The other day I listened to a radio program on NPR called Can Technology Deliver better health care?“. The premise of the show was based on Dr. Eric Topol’s book, The Creative Destruction of Medicine, which argues that new technology and the personalized medical information it delivers will revolutionize health care and “destroy” institutionalized medicine as we know it.
The description of Dr. Topol’s book on Amazon illustrates the future he envisions:
What if your cell phone could detect cancer cells circulating in your blood or warn you of an imminent heart attack? Mobile wireless digital devices, including smartphones and tablets with seemingly limitless functionality, have brought about radical changes in our lives, providing hyper-connectivity to social networks and cloud computing. But the digital world has hardly pierced the medical cocoon.
Until now. Beyond reading email and surfing the Web, we will soon be checking our vital signs on our phone. We can already continuously monitor our heart rhythm, blood glucose levels, and brain waves while we sleep. Miniature ultrasound imaging devices are replacing the icon of medicine—the stethoscope. DNA sequencing, Facebook, and the Watson supercomputer have already saved lives. For the first time we can capture all the relevant data from each individual to enable precision therapy, prevent major side effects of medications, and ultimately to prevent many diseases from ever occurring. And yet many of these digital medical innovations lie unused because of the medical community’s profound resistance to change.
I have mixed feelings about this. While empowering individuals with timely, relevant and personalized information about their health will undoubtedly lead to better outcomes in some circumstances, these innovations do not come without potential downsides.
When does more information become too much information?
In the age of the internet, we have an almost infinite amount of information at our fingertips. The benefits are obvious. With a few keystrokes we can learn about a condition we might be suffering from, connect with other people in the same boat and even read the relevant scientific literature on the topic.
New smartphone apps can give us a continuous stream of data on our heart rhythm, blood sugar, brain waves and more. We can even have our DNA genotyped, with the promise of revealing our risk of disease and alerting us to problems before they occur.
But what do we do with all of this information? Do patients have the training and analytical skills to translate it into better outcomes? Or might this explosion of unfiltered data have unintended effects, like an increase in unnecessary tests and procedures or growing angst amongst patients about their health?
A recent article in the New York Times discussed research showing that annual physical exams are not only unnecessary, but potentially dangerous because they lead to unneeded procedures. Prostate specific antigen (PSA) tests, routine EKGs, annual pap smears are no longer recommended by groups like the United States Preventative Task Force for this reason.
And while the ability to genotype our DNA for a couple hundred bucks is neat, we’re nowhere near being able to confidently use this data to predict disease or personalize treatment. A relatively small number of diseases are caused by single nucleotide polymorphisms (SNPs, pronounced “snips”). The vast majority of diseases we suffer from – diabetes, obesity, heart disease, autoimmunity, etc. – are multifactorial lifestyle diseases. Genetics may determine our predisposition to these conditions, but those genes must be activated (or silenced) by environmental triggers such as diet and stress in order to cause disease.
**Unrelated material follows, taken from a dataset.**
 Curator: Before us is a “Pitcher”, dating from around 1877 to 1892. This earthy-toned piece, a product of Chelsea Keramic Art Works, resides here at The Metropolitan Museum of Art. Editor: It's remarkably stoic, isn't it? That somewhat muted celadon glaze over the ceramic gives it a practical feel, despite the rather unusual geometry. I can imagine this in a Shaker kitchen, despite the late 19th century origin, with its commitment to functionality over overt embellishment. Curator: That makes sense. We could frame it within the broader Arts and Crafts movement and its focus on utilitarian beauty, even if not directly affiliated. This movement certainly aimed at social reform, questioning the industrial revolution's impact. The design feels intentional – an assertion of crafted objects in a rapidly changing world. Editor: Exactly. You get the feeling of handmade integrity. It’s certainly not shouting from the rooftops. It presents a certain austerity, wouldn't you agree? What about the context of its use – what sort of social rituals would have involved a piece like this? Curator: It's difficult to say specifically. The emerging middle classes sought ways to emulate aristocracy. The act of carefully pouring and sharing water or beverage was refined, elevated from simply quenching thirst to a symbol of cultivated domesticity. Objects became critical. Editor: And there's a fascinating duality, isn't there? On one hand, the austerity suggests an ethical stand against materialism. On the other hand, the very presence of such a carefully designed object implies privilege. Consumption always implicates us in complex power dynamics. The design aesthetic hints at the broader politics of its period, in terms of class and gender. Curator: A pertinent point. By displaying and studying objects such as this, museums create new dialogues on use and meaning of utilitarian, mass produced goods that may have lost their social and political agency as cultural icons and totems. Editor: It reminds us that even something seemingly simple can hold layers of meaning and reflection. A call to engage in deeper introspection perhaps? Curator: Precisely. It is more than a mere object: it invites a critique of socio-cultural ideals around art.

If you order a 23andMe profile, you’ll get a report that lists your risk of a variety of diseases based on your genes. But such a report ignores the important role of the epigenetic/lifestyle factors we just discussed in the manifestation of these diseases. Does information like this improve your health, or just cause you to worry unnecessarily?
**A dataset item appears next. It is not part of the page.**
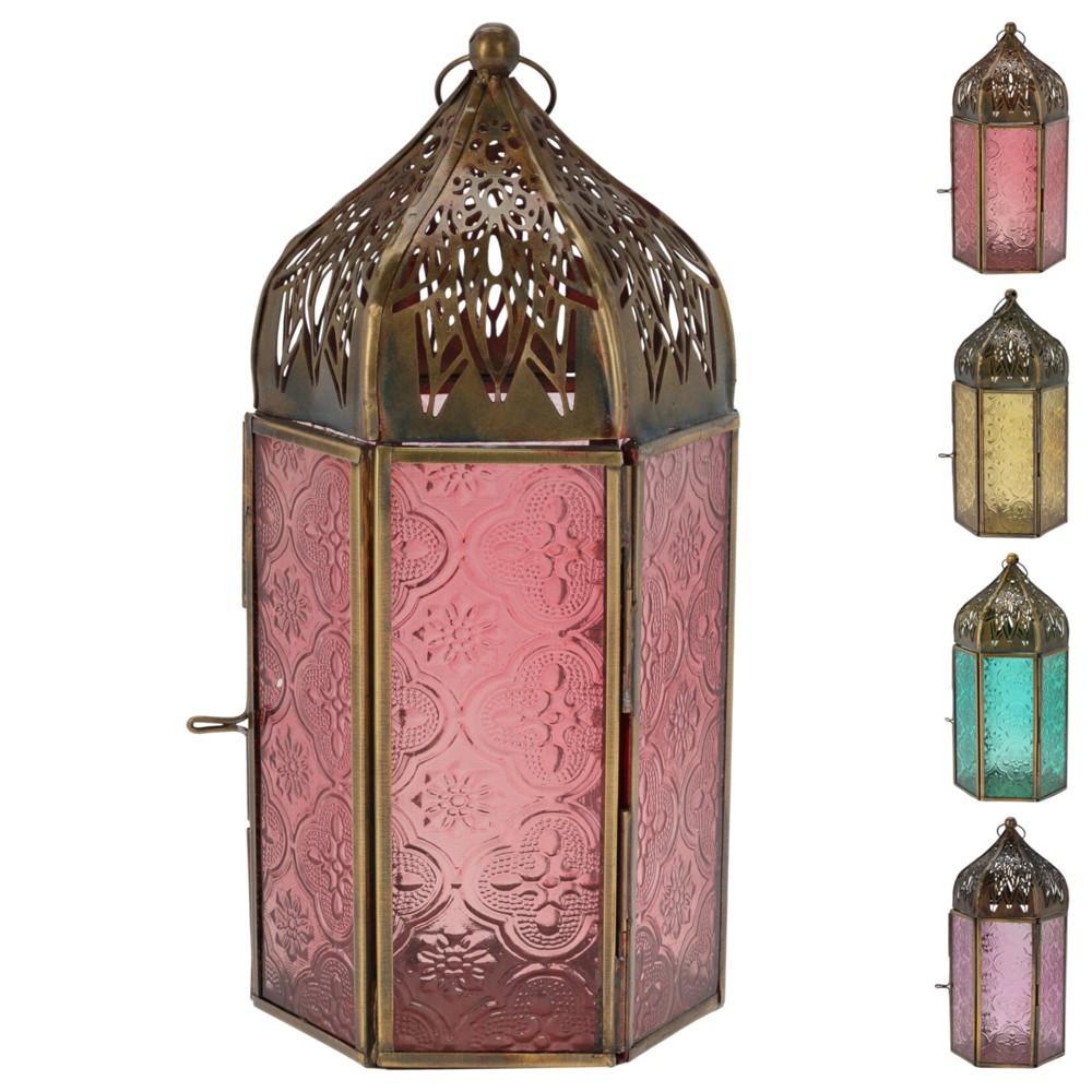Fener dekorativ, metal, qelq, të ndrryshme, H20 x L10 x W9 cm

The other potential risk here is that people will exclusively self-treat, and not seek out the care of a trained professional. There’s an old saying: “The doctor who treats himself has a fool for a patient.” Even an experienced clinician is better off seeking care from another clinician, rather than self-treating. The judgment and outside perspective of a skilled an experienced physician is invaluable. Of course this is even more true for someone without any medical training at all.
As someone who was completely failed by the conventional medical system, I believe in empowering patients to take charge of their own health. I see how better access to personalized data will accomplish this goal. I just think we also need to be aware of the potential harm this explosion of information could cause. Technology is a tool. It can be used wisely, or foolishly.
Now I’d like to hear from you. How will these new technologies affect our health and well-being? Will they empower us and give us more control over our own health? Or will they overwhelm us and lead us astray?